Insofar as Rhoades has suggested that a certified mailing to an individual's place of employment fails to constitute proper service of process, “[a] plaintiff is not required to mail the summons and complaint to a defendant's residence; sending the suit papers to a defendant's place of employment is within the rule, ” Moore v. Cox, 341 F.Supp.2d 570, 573 (M.D. N.C. 2004). In connection with that method, North Carolina law contemplates “deliver[y] to the addressee, ” N.C. Gen. Stat. § 1A-1, Rule 4(j)(1)(c), and provides a procedure by which a defendant can challenge service of process when someone other than the addressee signs the delivery receipt, see N.C. Gen. Stat. § 1A-1, Rule 4(j2)(2). Under normal circumstances, a plaintiff may file an affidavit regarding the details of such certified mailing and thereby “raise[] a presumption that the person who received the mail or delivery and signed the receipt was an agent of the addressee authorized by appointment or by law to be served or to accept service of process, ” id.

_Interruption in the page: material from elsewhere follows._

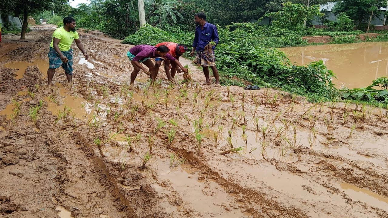 রায়গঞ্জ (সিরাজগঞ্জ) প্রতিনিধি : সিরাজগঞ্জের রায়গঞ্জে ধামাইনগর ইউনিয়নের পর্তাব দিঘী এলাকার আড়াই কিলোমিটার কাঁচা রাস্তায় সামান্য বৃষ্টিতে কাদায় পরিণত হওয়ায় ১০ গ্রামের জনসাধারণের চলাচলে চরমদুভোর্গ পোহাতে হচ্ছে। প্রতিবাদে স্থানীয়রা ওই রাস্তায় ধানের চারা রোপণ করছেন। ভুক্তভোগী গ্রামগুলো হলো-ধামাইনগর, পতাবদিঘী, দৌলতপুর, ফুলতালা, মির্জাপুর, বাটকামারি, হলদিবাড়ী, সোনাকান্দর, ধলজান ও জঙ্গলপাড়াসহ মোট ১০ গ্রাম।

Neither Stewart nor Stanley explicitly discussed whether the plaintiffs had served the defendants by certified mail. See Stewart, 2019 WL 5850425, at *7; Stanley, 2016 WL 5867431, at *2.

Here, Plaintiff has filed no such affidavit. (See Docket Entries dated Apr. 26, 2021, to present.) That failure does not entitle Rhoades to dismissal, however, particularly given Plaintiff's status as a pauper and the Court's corresponding responsibility to effect service of process, see 28 U.S.C. § 1915(d), as well as Rhoades's actual notice of this action, see Karlsson v. Rabinowitz, 318 F.2d 666, 668 (4th Cir. 1963) (“[W]here actual notice of the commencement of the action and the duty to defend has been received by the one served, the provisions of Rule 4 . . . should be liberally construed to effectuate service and uphold the jurisdiction of the court, thus insuring the opportunity for a trial on the merits.”). See also Reinhold v. Tisdale, Civ. Action No. 8:06-3311, 2007 WL 2156661, at *3 (D.S.C. Apr. 30, 2007) (unpublished) (“Ordinarily, dismissal is proper when there is prejudice to the defendant or where proper service is unlikely to be accomplished.”), recommendation adopted, 2007 WL 2173368 (D.S.C. July 26, 2007) (unpublished). For those reasons, the Court should decline to dismiss based on Rule 12(b)(5), opting instead to “quash [any] insufficient service and allow [P]laintiff to perfect service through the [USMS].” Argot, 2012 WL 6839310, at *5.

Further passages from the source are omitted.